Kendal Carriers

A condensed version by Andrew White from part of his forthcoming book on Kendal

(Page created 18/02/09)

When the state of roads improved during the 18th century much of the small-scale redistribution of goods in the vicinity of Kendal, formerly carried out with packhorses, was now done by carrier’s cart. The carriers generally set off from one of the Kendal inn-yards early in the morning several days each week for surrounding villages and towns, either returning in the evening on the shorter runs or returning the next day on longer journeys. Typically they used a light sprung two-wheeled cart with a canvas tilt, drawn by a single horse. Parcels and hampers of goods would be left for them at the inns, though they might also collect from manufacturers or from ships at Milnthorpe, Arnside or Sandside, or later from the railway stations. They could also collect butter and eggs from farms along the way. The carriers used their own or others’ credit to collect goods, and charged for goods plus carriage on delivery. Grocers and mercers were supplied by the carriers who collected bulk goods for them.

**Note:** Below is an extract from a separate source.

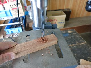 穴の縦位置についてはテーブルからの高さを測り、横の位置は今まで付いていた木と現物あわせで位置決めした。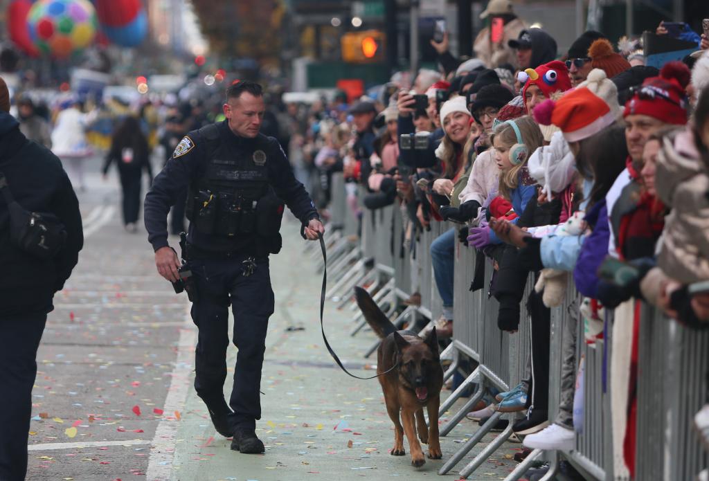 11月27日,在美國紐約,警察攜帶警犬在感恩節游行活動現場值守。

Abraham Dent of Kirkby Stephen was dependant upon several carriers to fetch him supplies of stock from other towns in the north west. Thomas Pearson and Ephraim Jackson brought him goods from Kendal and performed various other services which depended upon trust and goodwill.

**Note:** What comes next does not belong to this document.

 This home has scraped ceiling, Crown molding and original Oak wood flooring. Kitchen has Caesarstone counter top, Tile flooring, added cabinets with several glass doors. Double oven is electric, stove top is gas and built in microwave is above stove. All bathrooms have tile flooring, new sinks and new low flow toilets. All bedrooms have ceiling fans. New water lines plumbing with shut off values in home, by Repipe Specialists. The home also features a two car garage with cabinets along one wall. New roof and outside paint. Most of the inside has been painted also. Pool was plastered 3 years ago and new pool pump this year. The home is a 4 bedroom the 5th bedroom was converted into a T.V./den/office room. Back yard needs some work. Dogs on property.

While most of the carriers radiating from Kendal served a radius of no more than a dozen miles or so, some went much further, linking for instance with the Great North Road via Brough and Boroughbridge. Others no doubt had an informal arrangement with fellow-carriers in adjacent regions to provide a trans-regional service.

While the life of a carrier may often have been quite idyllic – open roads, fresh air, everyone pleased to see you, a sense of performing a useful function – it also had its dangerous side, with the risk of accident in lonely places, severe weather, or robbery and assault for goods. In 1835 Thomas Varey, carrier was found dead in the canal at Burton wharf, though whether in his own time or while at work is unrecorded. Thomas Garlick, carrier, was killed a few months later on his way to Kirkby Lonsdale. In 1837 Thomas Hunter, carrier of Orton, was shot dead on his return from Kendal. John Sisson, who worked the Appleby to Kendal route, died in the snow at Grayrigg in 1807.

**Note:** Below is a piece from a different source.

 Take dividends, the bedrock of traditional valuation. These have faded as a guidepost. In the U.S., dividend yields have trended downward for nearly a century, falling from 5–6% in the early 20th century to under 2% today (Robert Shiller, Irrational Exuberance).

There is in the Soulby Collection at Barrow in Furness Record Office the handbill of John Clarke of Haverthwaite, a common carrier between Kendal and Ulverston, dating from 1811. It is a rare survival of what once must have been common. Carriers could set themselves up relatively easily, if they could afford a horse and cart, although some were considerable employers, with many waggons. Once established they might carry on for years, relying on word of mouth for their trade. It is usually only when a new person entered the market that they had to advertise.

Two mid-19th century firms of carriers of whom more details than usual survive are Walter Berry of Milnthorpe and Thomas Ellwood of Ayside, near Cartmel. The former operated between Milnthorpe and Kendal, the latter between Ulverston and Kendal.

It is difficult to judge the number of carriers and places served, since the individual trade directories vary so much in what detail they give, and how complete they are. In 1794, for instance, the Universal British Directory shows 33 carriers, including several long-distance waggons, serving up to 32 places. In 1858 there are 60 carriers, all local, serving 44 places, and this after the arrival of both railway and canal. As late as 1925 some 31 carriers were serving 39 places, but there seems to be much omission. It seems as though there is little evidence for decline until the need began to be met between the wars by reliable and cheap motor vehicles.

David Burrow, carrier for thirty years (1910-1940) between Sedbergh and Kendal, was photographed on his way to Kendal in 1930 with his horse Spider and spring cart. He bought the business in 1910 from Kit Metcalfe and travelled three days a week, on Tues, Thurs and Sat, starting at 6am and taking four hours, collecting en route. He returned about 6pm. He was ‘the last carrier out of Kendal’.